This study investigated voice recognition performance via studio, Zoom, and telephone audio. We studied the effect of audio quality in familiarization on subsequent voice recognition performance, as well as the effect of audio quality in test on human listeners’ voice recognition performance, quantified with dʹ and c. Interestingly and unexpectedly, our results revealed no difference in recognition performance between studio- and Zoom-familiarized listeners. In addition, we found a tendency for performance to be better when listeners were familiarized with the voices under Zoom compared to studio audio, however, given the diversity of listeners and equipment between the listener groups, this tendency might be a result of random variability between groups. It will be interesting to test possible advantages of familiarization over Zoom audio in more controlled experimental designs in the future. Lastly, we observed no differences between studio- and telephone-familiarization, which is mostly in line with previous work10. This suggests that neither too much (i.e., studio audio), nor too little speaker-specific detail about voices (i.e., telephone audio) during familiarization is beneficial for human voice recognition if familiarization period is brief. When familiarization is brief (like in our experiment), too much speaker-specific voice detail might be distracting and not helpful for forming stable voice representations. With increasing familiarization time, however, more speaker-specific detail might be beneficial for forming voice representations for subsequent recognition.

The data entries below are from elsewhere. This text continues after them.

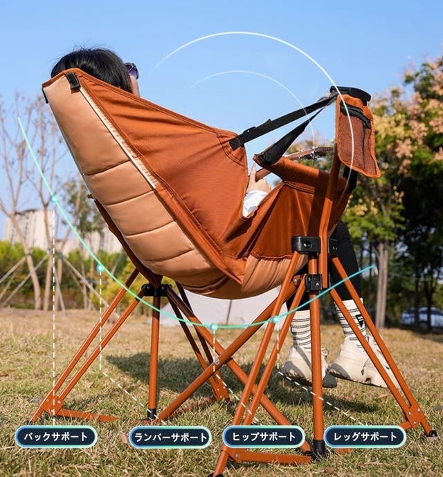アウトドアキャンプにこの『ダブルフレーム式ロッキングチェア』を持っていけば、キャンプ体験が一層楽しく快適に。座るとまるで自然に包まれるような優しいフィット感、横になれば雲の上で揺れているような極上の心地よさが広がります。どんなに動いても、ひっくり返る心配がなく、安定した快適さを保ちます。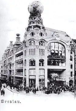 Built from 1902 to 1904 for the German Jewish merchant family Barasch by architect Georg Schneider, the store was opened on 4 October 1904. In 1929, the original Art Nouveau facade facing the market square was given a simpler, modernist look; the huge glazing above the main entrance was replaced with more conventional window rows. The large glass globe on the main tower at the corner of Ulica Szewska and Kurzy Targ (German: Hintermarkt), which had been damaged by lightning, was also removed.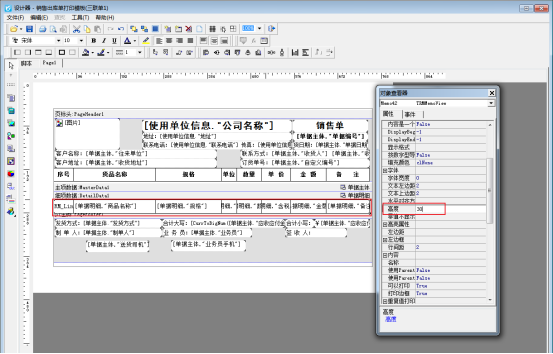 在開單界面,打印按鈕下點擊“打印格式設計”,在打印格式設計界面,點擊“設計格式”,可進入模板設計器界面,首先按住ctrl鍵,鼠標選中細項數據的所有文本框,右鍵點擊屬性,在屬性中找到高度,可以修改文本框的高度值;設置完成后,點擊細項數據處,右鍵點擊屬性,修改明細欄高度與之前文本框的高度一致,如下圖所示:

This view is supported by findings from voice and face recognition about the effect of stimuli variability during familiarization on subsequent recognition showing that variability in stimulus material does not always pose challenges and—on the contrary—might be beneficial for learning new identities44,45,46,47.

In the test, recognition via both Zoom and studio audio was significantly better compared to telephone audio. Our results therefore align with previous research showing that signal bandwidth plays a critical role in voice recognition, since speaker-specific voice properties are distributed across frequency domain48. They also suggest that extending the bandwidth from wide-band (50–7000 Hz) to super wide-band (50–14,000 Hz) or unprocessed full-band speech offers no voice recognition advantage for human listeners, in line with previous research16,43. It is evidently the case that Opus encoding algorithms contributed to the improved recognition performance over Zoom audio compared to telephone audio, since Opus uses both LP-based layer based on source-filter model to efficiently encode lower speech frequencies (i.e., up to 8 kHz bandwidth) and MDCT-based layer to encode higher speech frequencies (i.e., higher than 8 kHz bandwidth)31.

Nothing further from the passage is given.